Excerpted data below:
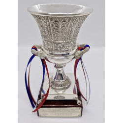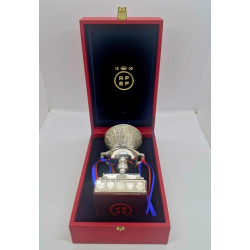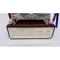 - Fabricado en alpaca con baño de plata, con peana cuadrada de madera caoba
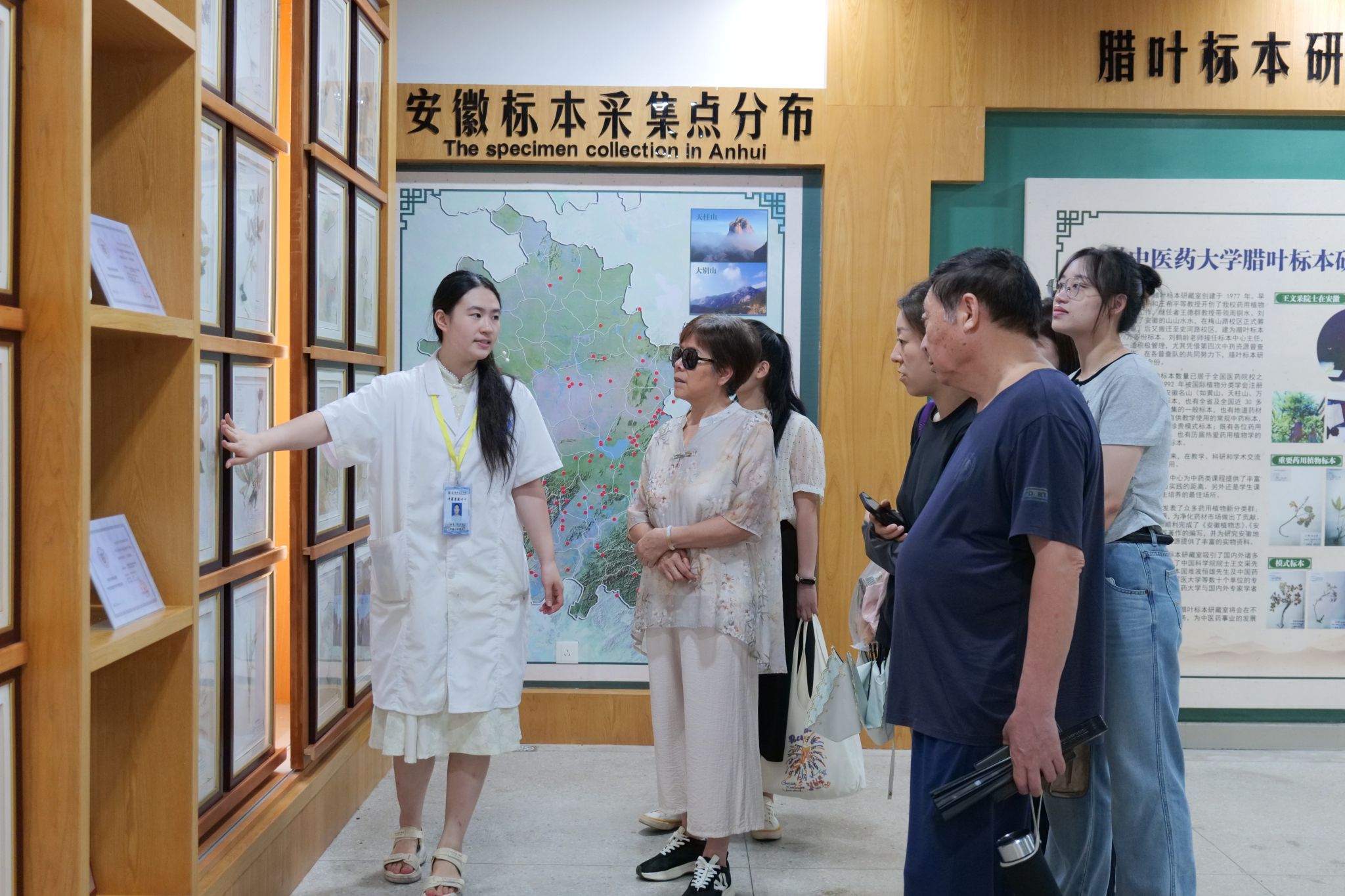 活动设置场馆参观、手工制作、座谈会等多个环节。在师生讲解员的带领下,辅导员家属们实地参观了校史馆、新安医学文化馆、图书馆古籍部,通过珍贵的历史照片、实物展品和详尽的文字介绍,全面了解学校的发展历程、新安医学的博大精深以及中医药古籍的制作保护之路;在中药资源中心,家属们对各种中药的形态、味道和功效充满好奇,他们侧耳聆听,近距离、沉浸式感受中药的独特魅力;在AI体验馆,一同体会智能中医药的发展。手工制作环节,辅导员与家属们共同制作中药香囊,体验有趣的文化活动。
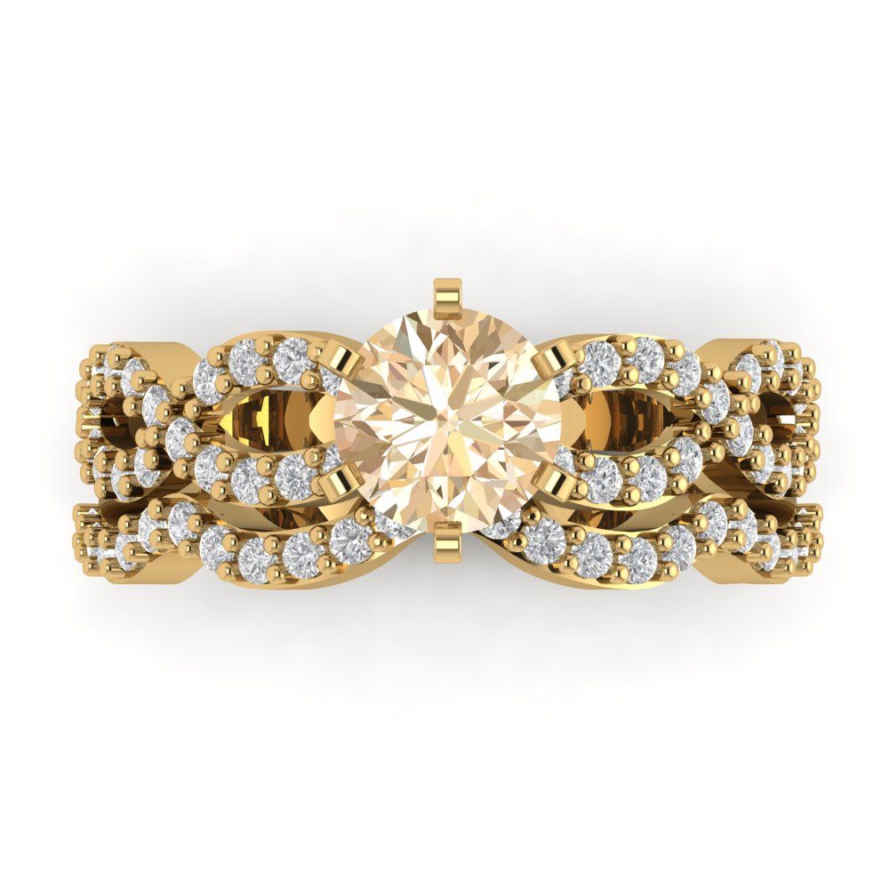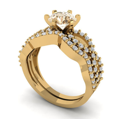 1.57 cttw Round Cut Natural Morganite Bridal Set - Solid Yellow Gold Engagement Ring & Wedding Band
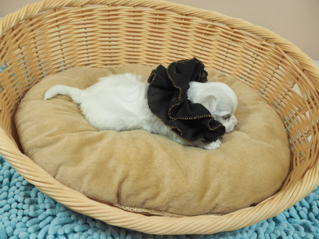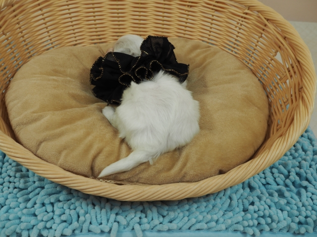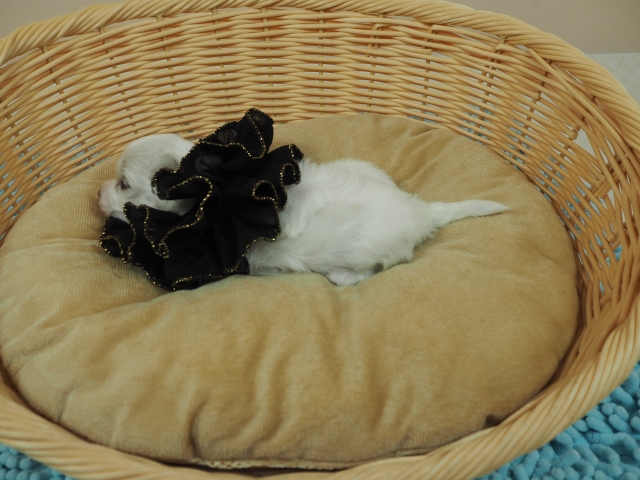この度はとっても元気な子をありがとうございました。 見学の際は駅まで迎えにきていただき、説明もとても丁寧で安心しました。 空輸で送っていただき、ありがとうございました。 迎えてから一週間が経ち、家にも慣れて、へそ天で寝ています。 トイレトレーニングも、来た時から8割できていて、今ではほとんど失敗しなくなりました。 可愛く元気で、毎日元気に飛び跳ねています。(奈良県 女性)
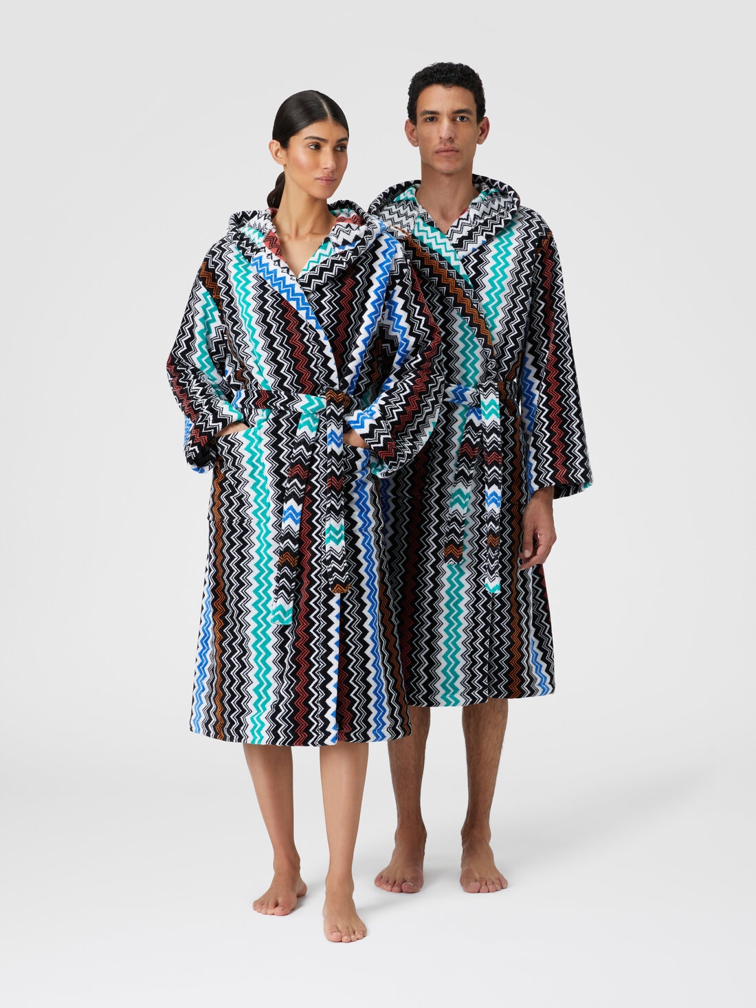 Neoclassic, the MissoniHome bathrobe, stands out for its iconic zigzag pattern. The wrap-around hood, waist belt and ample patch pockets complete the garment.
End of Excerpted data.
Produce an exact copy of every line above, with the images left out.

= Worked solution =
 - Fabricado en alpaca con baño de plata, con peana cuadrada de madera caoba
 活动设置场馆参观、手工制作、座谈会等多个环节。在师生讲解员的带领下,辅导员家属们实地参观了校史馆、新安医学文化馆、图书馆古籍部,通过珍贵的历史照片、实物展品和详尽的文字介绍,全面了解学校的发展历程、新安医学的博大精深以及中医药古籍的制作保护之路;在中药资源中心,家属们对各种中药的形态、味道和功效充满好奇,他们侧耳聆听,近距离、沉浸式感受中药的独特魅力;在AI体验馆,一同体会智能中医药的发展。手工制作环节,辅导员与家属们共同制作中药香囊,体验有趣的文化活动。
 1.57 cttw Round Cut Natural Morganite Bridal Set - Solid Yellow Gold Engagement Ring & Wedding Band
この度はとっても元気な子をありがとうございました。 見学の際は駅まで迎えにきていただき、説明もとても丁寧で安心しました。 空輸で送っていただき、ありがとうございました。 迎えてから一週間が経ち、家にも慣れて、へそ天で寝ています。 トイレトレーニングも、来た時から8割できていて、今ではほとんど失敗しなくなりました。 可愛く元気で、毎日元気に飛び跳ねています。(奈良県 女性)
 Neoclassic, the MissoniHome bathrobe, stands out for its iconic zigzag pattern. The wrap-around hood, waist belt and ample patch pockets complete the garment.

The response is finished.